Gilead’s Counsel Has Answered Merck Counsel’s Claim: No “Crime Or Fraud” Exception Applies — In Sovaldi® Patent Wars

I am a little late in posting this, with the holiday busy-ness, and airport runs — but it took Gilead’s legal team only one elapsed day to reply to Merck’s lawyers (detailed here, and here — previously).

In sum, Gilead says the disputed emails were in fact privileged communications — from a predecessor-entity officer, to outside counsel, and thus are properly the subject of a claw-back order. Moreover, Gilead’s counsel says Merck never really articulated any plausible crime or fraud theory — let alone offered prima facie evidence of it — so, it all should amount to. . . nothing.

Of course, because both documents are heavily redacted, we have no way of evaluating these arguments, and counter arguments. We are just reporting them. Here is that six-page PDF of the latest Gilead letter — with all of its various redactions — and a bit:

. . . .Simply put, neither Gilead nor its predecessor Pharmasset committed any crime or fraud, nor have Plaintiffs shown that they have. The crime-fraud exception requires that Plaintiffs “make a prima facie showing that (1) the client was committing or intending to commit a fraud or crime, and (2) the attorney-client communications were in furtherance of that alleged crime or fraud.” In re Chevron Corp., 633 F.3d 153, 166 (3d Cir. 2011) (internal citations omitted). Plaintiffs have shown neither. Plaintiffs have not and cannot show: (1) that any fraud was, in fact, committed; and (2) that Pharmasset had any intent to perpetrate a fraud.

The court applies a “reasonable basis” standard to assess the sufficiency of the required prima facie showing, generalized allegations of fraud are not sufficient, rather the proponent of the exception must provide the “requisite factual basis” for the crime-fraud exception to apply. In re ML-Lee Acquisition Fund II, L.P. & ML-Lee Acqueistion Fund (Ret. Accounts) II, L.P. Sec. Litig., 848 F. Supp. 527, 566 (D. Del. 1994); See also Manetar Tech. Corp. v. Six Flags Theme Park, Inc., 886 F.Supp.2d 466, 487 (D. Del. 2012) (noting that to “demonstrate a prima facie case of fraud” sufficient to sustain the crime-fraud exception’s application, “generalized allegations… will not suffice”). That factual basis must include the relevant intent evidence. See, e.g., Finley Assocs., Inc. v. Sea & Pines Consol. Corp., 714 F. Supp. 110, 118 (D. Del. 1989) (noting that the party requesting the crime-fraud exception’s application must “present[] a reasonable basis for believing that the [client’s] objective was fraudulent”) (emphasis added). Plaintiffs fail wholly to meet their burden.

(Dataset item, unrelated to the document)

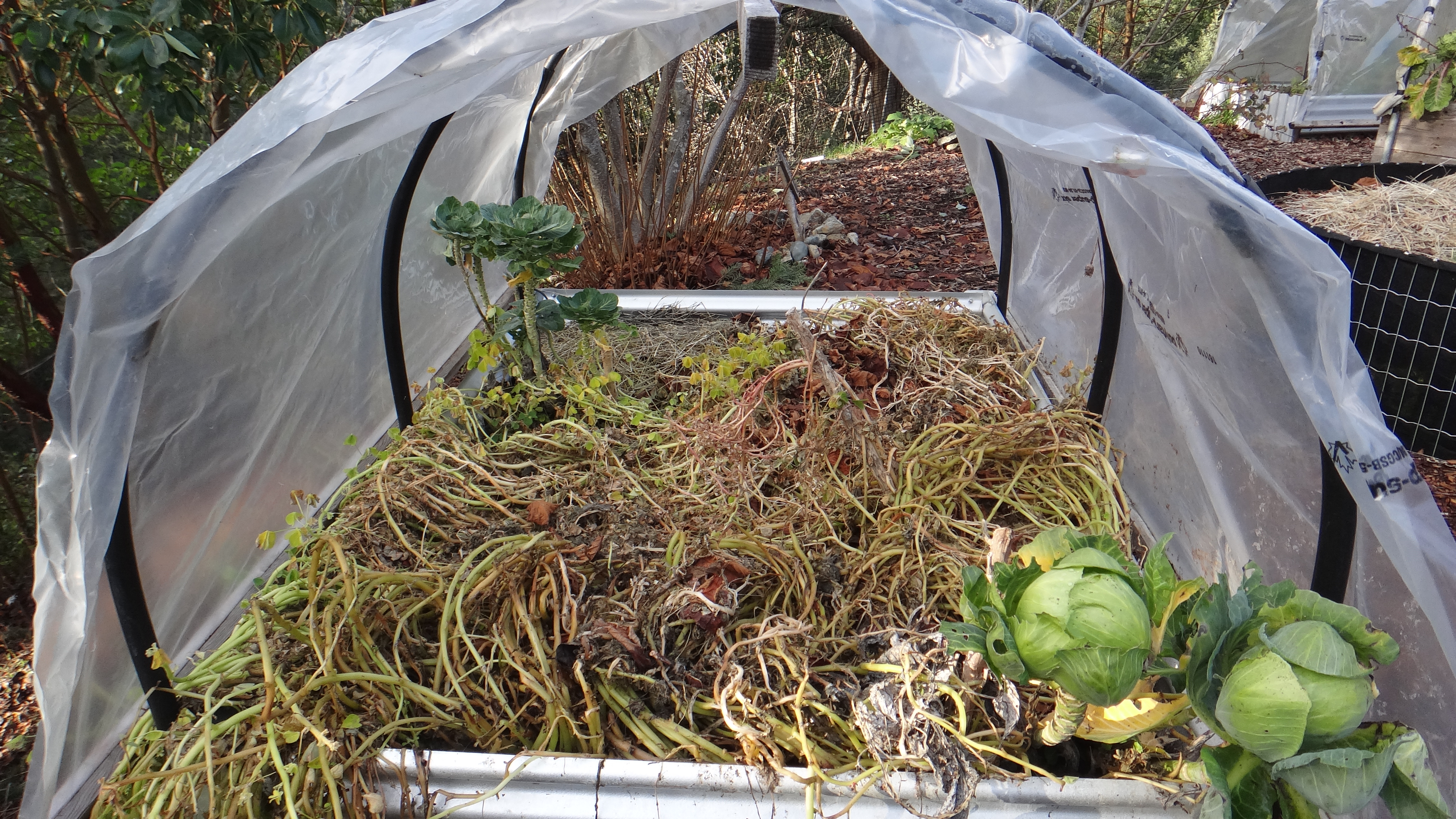 Plants have died down and mushy mass piled on top of the bed. Ready for harvest when tops fully wilted. Leave some small tubers behind for next years plants. Make sure well mulched for winter.

As a threshold matter, Plaintiffs never identify the elements of the fraud or crime they allege. . . .

Now the very able Judge Stark will have to decide: are the emails excluded from evidence, and thus not available for any purpose, in the global perhaps multi-billion dollar litigation? Or, may Merck make hay out of what may have been some intemperate remarks, by a Pharmasset science officer, many, many years ago? We will have to wait and see — our best — to all of good will, and good cheer!